What this task involves: With the pictures omitted, transcribe each line below exactly as it is.

Collected material:
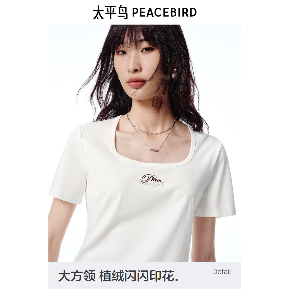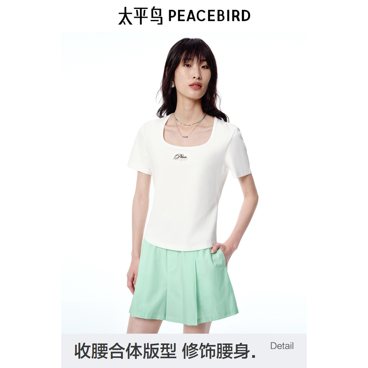 T恤女A1CNF2441 收腰合身U型大方领棉柔质感短袖 太平鸟女装 夏季
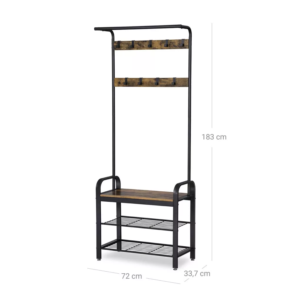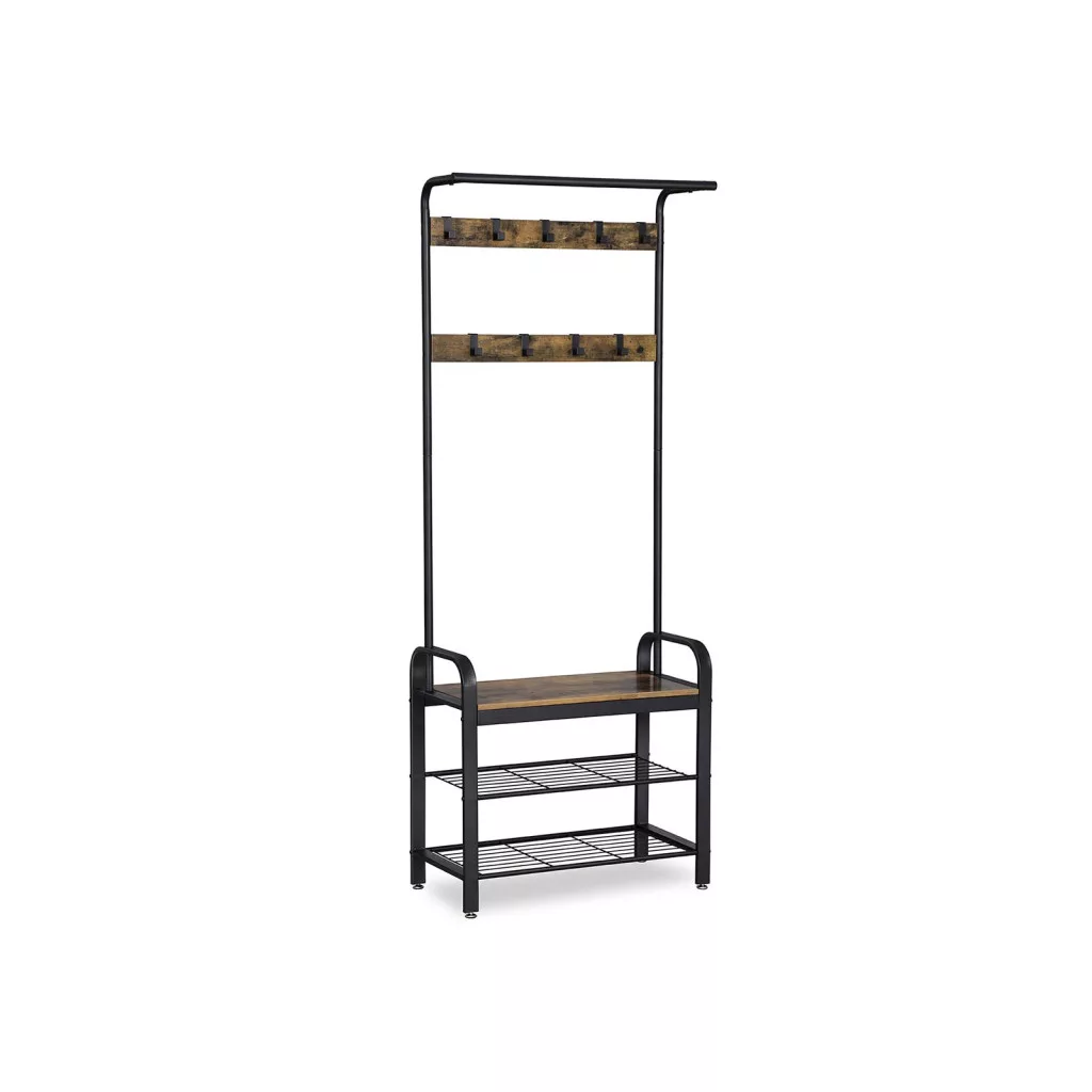 VASAGLE Industrial Előszobai Állófogas Cipőtárolóval Rusztikus Barna-Fekete
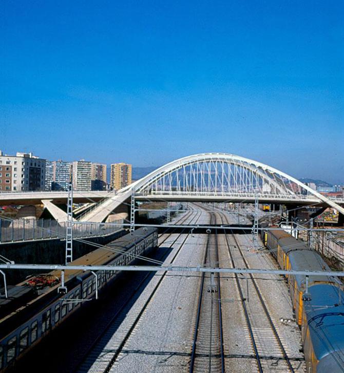 Al unir la calle de Felipe II con la calle de Bac de Roda, el puente permite el acceso directo al mar y convierte zonas marginales de la ciudad en un parque público. El puente es ahora un referente de la ciudad integrado en el paisaje urbano. Con una longitud total de 128 m, el puente se compone de tres partes: un segmento central, de 45 m de largo, sobre la vía férrea, y dos segmentos laterales, de 25 m de largo, que pasan por el parque. Las partes laterales están conectadas a las zonas verdes por cuatro escaleras, que parten de las bases de los arcos inclinados, sobre el nivel de la vía, para garantizar la continuidad visual.

Response area:
 T恤女A1CNF2441 收腰合身U型大方领棉柔质感短袖 太平鸟女装 夏季
 VASAGLE Industrial Előszobai Állófogas Cipőtárolóval Rusztikus Barna-Fekete
 Al unir la calle de Felipe II con la calle de Bac de Roda, el puente permite el acceso directo al mar y convierte zonas marginales de la ciudad en un parque público. El puente es ahora un referente de la ciudad integrado en el paisaje urbano. Con una longitud total de 128 m, el puente se compone de tres partes: un segmento central, de 45 m de largo, sobre la vía férrea, y dos segmentos laterales, de 25 m de largo, que pasan por el parque. Las partes laterales están conectadas a las zonas verdes por cuatro escaleras, que parten de las bases de los arcos inclinados, sobre el nivel de la vía, para garantizar la continuidad visual.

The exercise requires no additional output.